Increasing glucose concentration initially increased the maximum transmitted light power, PTmax, and shrank the diameter of the diffused light spot on the imaging screen (Figure 3d–h). Upon increasing the glucose concentration, 0 ≤ M ≤ 100 mM, the maximum transmitted light power PTmax and the diameter underwent a slower corresponding shift; the sensor response was saturated at high concentrations, below which the response was fairly linear with percentage sensitivity of S ∼ 2.5% mM–1 (or ∼11 μW mM–1) calculated using the slope of the P–M curve, given by S = ΔP/ΔM, where ΔP and ΔM are the change in the transmitted optical power and change in glucose concentration, respectively. The sensitivity of our diffuser-based sensor is around 18 times higher than the recently reported work; for the glucose concentration range of 0–100 mM, the diffuser sensor showed the change of 128% in the transmitted power compared to the 7% attenuation of the transmitted light in ref (35). The decrease in sensitivity and saturation at higher glucose concentrations was due to the decrease in the available boronate binding sites and decreasing elasticity of the hydrogel matrix that competed against the volumetric swelling process. However, this nonlinear behavior could be fit very accurately with an exponential trend with a correlation coefficient of R2 = 0.99 and exponential coefficient of ∼32.08 mM–1. The visual shift of the diffused spectra was also very clear, which could be seen by the naked eye (Figure 3h). For diabetic patients, the required readout rate of the sensor for the shift of glucose concentration from 8 to 15 mM is 0.078 mM·min–1.35 According to swelling kinetics of the sensor when it is immersed in glucose concentration of 10 mM, the sensor provides a readout rate of 0.14 mM per min which is higher than the required speed. The blood contains fructose and lactate; both complex with PBA under physiological conditions.33,34 However, the glucose concentrations in blood for healthy (3.9–6.9 mM) and diabetic (7.2–10 mM) people are much larger than fructose concentrations (0.008 ± 0.001 and 0.012 ± 0.0036 mM) as well as the lactate (0.36–0.75 mM) in both conditions, respectively.35,36 Previous studies reported a minimal interference from fructose of 0.5% and 3.5% for lactate for the glucose sensor that is prepared from same ingredients; PBA derivative and polymer matrix.37
Glucose concentration within the range of 0 ≤ M ≤ 100 mM was also measured using broadband white light. Photographs of the diffused spots on a screen 40 cm away from the sensors were captured for visual detection. The divergence angle of the diffused light was consistent with the previous experiments carried out using the monochromatic light (Figure 4). An increase in the glucose concentration decreased the divergence angle and increased the power of the transmitted beam. The sensor response was linear for glucose concentrations within 0 ≤ M ≤ 50 mM, and the sensor’s sensitivity in this range was 11.6 μW·mM–1. Parts f–h of Figure 4 show the transmitted light spectra of the glucose sensor. The sensor does not alter the spectral profile of the white light over the entire visible range. This means that the glucose detection can be performed reliably using any selective wavelength or the range of the wavelength due to the monotonic positive shift in the optical transmission against various glucose concentration. The diffuser-based sensor was able to quantify glucose within a wider detection range as compared to its other counterparts based on the visual detection scheme (1D and 3D PBG sensors).
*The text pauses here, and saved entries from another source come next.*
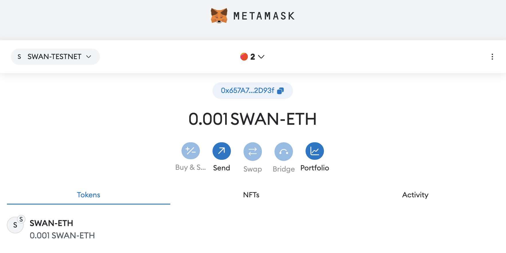 2.Switch to the Swan Testnet, Once the transaction is confirmed on the Goerli testnet, you should see the corresponding amount of SWAN-ETH tokens in your wallet on the Swan Testnet.
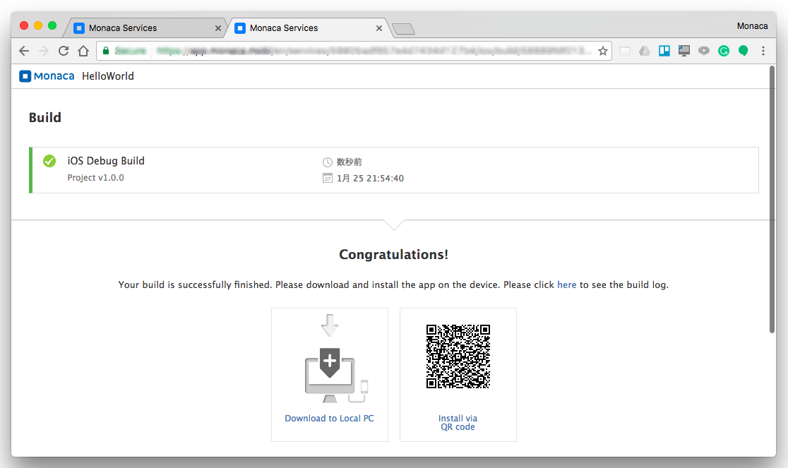 3. It may take several minutes for the build to complete. Once the build is completed, your built app is ready to be installed/downloaded. See the below screenshot as an example:
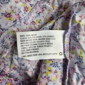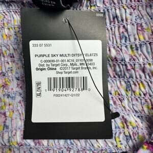 This is an Art Class dress, size XL (14/16), in new condition with tags. The dress features a purple sky multi ditsy floral pattern. It has a smocked bodice with adjustable straps and decorative buttons down the front. The material is 100% rayon, with elastic made of 63% polyester and 37% spandex. The dress is free of any visible imperfections.
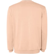Sweter unisex z wykończeniem uzyskanym dzięki poddaniu działaniu wybielacza w celu uzyskania smug lub odbarwień. Prążkowany ściągacz 2x1 przy dekolcie, mankiety i dół w tym samym kolorze. Wzmocnione szwy przy mankietach, u dołu, w pasie i otworach na ręce. Ścieg kryty ton w ton przy dekolcie.
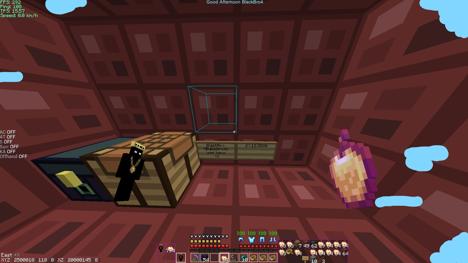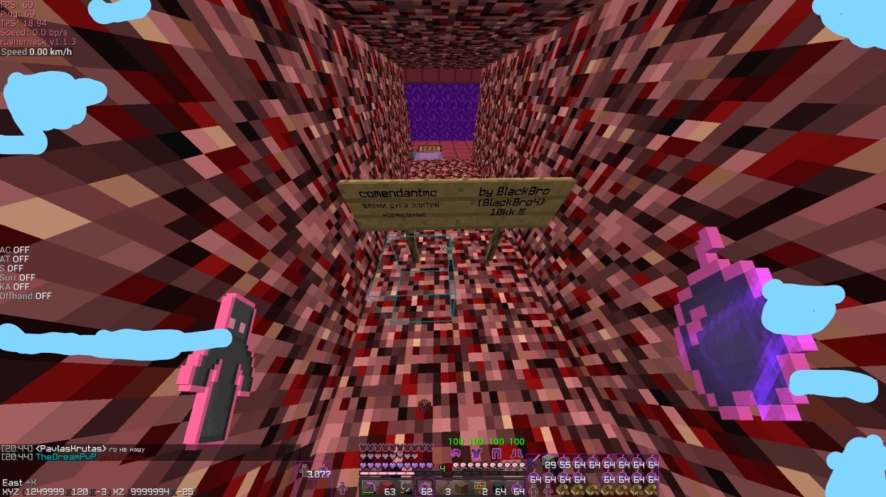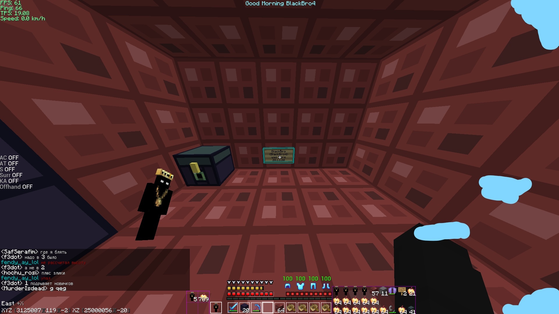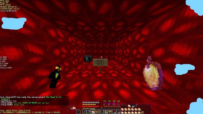 Сначала я с NikitaBMX летели по -х и умерли. Было еще несколько попыток, но все заканчивались одинаково. Потом мы на какой-то промежуток времени ушли с сервера. И вот сейчас, благодаря рашерхаку (blackkk), я с хамехой долетели, а лясик не смог из-за того, что просто не успел до фикса лодок.

The swelling dynamics of the sensor were studied for 10–50 mM glucose concentrations (Figure 5a–e). The spot profile and Pmax were recorded at 6 min intervals. Upon exposure to glucose solution, the binding equilibrium reached to saturation in less than 60 min. This time was half of that reported in previous studies, where the saturation time for the 3PBA-modified PCCAs and holographic sensors was around 2 h.12 The rapid response and quicker saturation time is an important step toward the practical implementation of such sensors. The quick response was due to the microengineered surface of the sensor that increases the active surface area and improved the diffusion rate of the glucose into the hydrogel matrix
The stability and reusability of the sensor were investigated by recording the response of the sensor for four complete cycles (Figure 5f). The sensor’s response for glucose concentrations was measured for ∼100 min, followed by the reset using an acetate buffer of pH 4.6 for ∼10 s and then for ∼60 min in PBS buffer before commencing the next cycle for 10 mM glucose concentration. The increasing trend of Pmax remained identical throughout experiments with the same saturation values for all the cycles. Similarly, the switching off behavior returned to the initial value quickly; the trend was unchanged throughout all the cycles. These results are important as our sensor exhibited reusability, no signal hysteresis or drift after each cycle, and identical sensitivity for each cycle. The effect of pH on the glucose detection was studied (Figure 5g). As shown in Figure 5, the sensitivity of the sensor increased with increasing pH. The highest sensitivity was recorded for pH 8, while at the physiological pH (7.4), a relatively lower glucose sensitivity was observed, consistent with the previous studies.38,39 To explain the higher sensitivity of the sensor at higher pH values, the effect of pH on the sensor was examined (Figure S11). We found that upon increasing the pH from 4 to 6, the hydrogel slightly swells and consequently a slight increase in the transmitted power was recorded, indicating an inconsequential increase in the anionic boronate ions. The sensor exhibited a linear and higher response between the pH values of 6 and 9, as the concentrations of boronate ions increased significantly. Therefore, the higher sensitivity at higher pH glucose solutions might be due to an increase in the concentration of the anionic boronate ions which have high affinity to complexes with glucose forming a stable boronate anion. The sensitivity of the glucose sensor is not only affected by the pH of the glucose solution, but also by the ionic strength of the solution. It has been found that increasing the ionic strength of the aqueous solution increases the charged PBA in the polymer matrix raising up the Donnan potential, leading to the improved swelling response of the sensor.22
The thickness of the prepared glucose sensor was ∼350 μm (Figure S2) as measured under an optical microscope. We could not use samples of thickness <350 μm as handling limitations of our free-standing sensors became more severe below this thickness. It is known that thicker sensors provide higher sensitivity on account of the response and saturation times, which become longer.39 We believe that reducing the thickness of the sensor to nanoscale would candidate the sensor for real-time monitoring as the response and saturation times of the sensor would be within a few seconds. The transduction mechanism used to monitor the volumetric modulation is also an important factor that affects the sensitivity; for example, a 2.5 D photonic structure based sensor showed a quick response time, but the transduction mechanism posed the lowest sensing limit to ∼10 mM.40
The effect of glucose complexation with the immobile PBA in the hydrogel matrix on the mechanical properties has been studied (Figure S9). The elasticity/Young’s modulus for the sensor in absence of glucose was ∼175 kPa and increased to ∼218 kPa for the glucose concentration of 50 mM. The stiffness of the sensor increased from ∼0.49 to 0.61 N/m, indicating a decrease in the flexibility. Increasing the sensor stiffness with glucose complexing may also explain the decreased sensitivity of the sensor at high glucose concentrations.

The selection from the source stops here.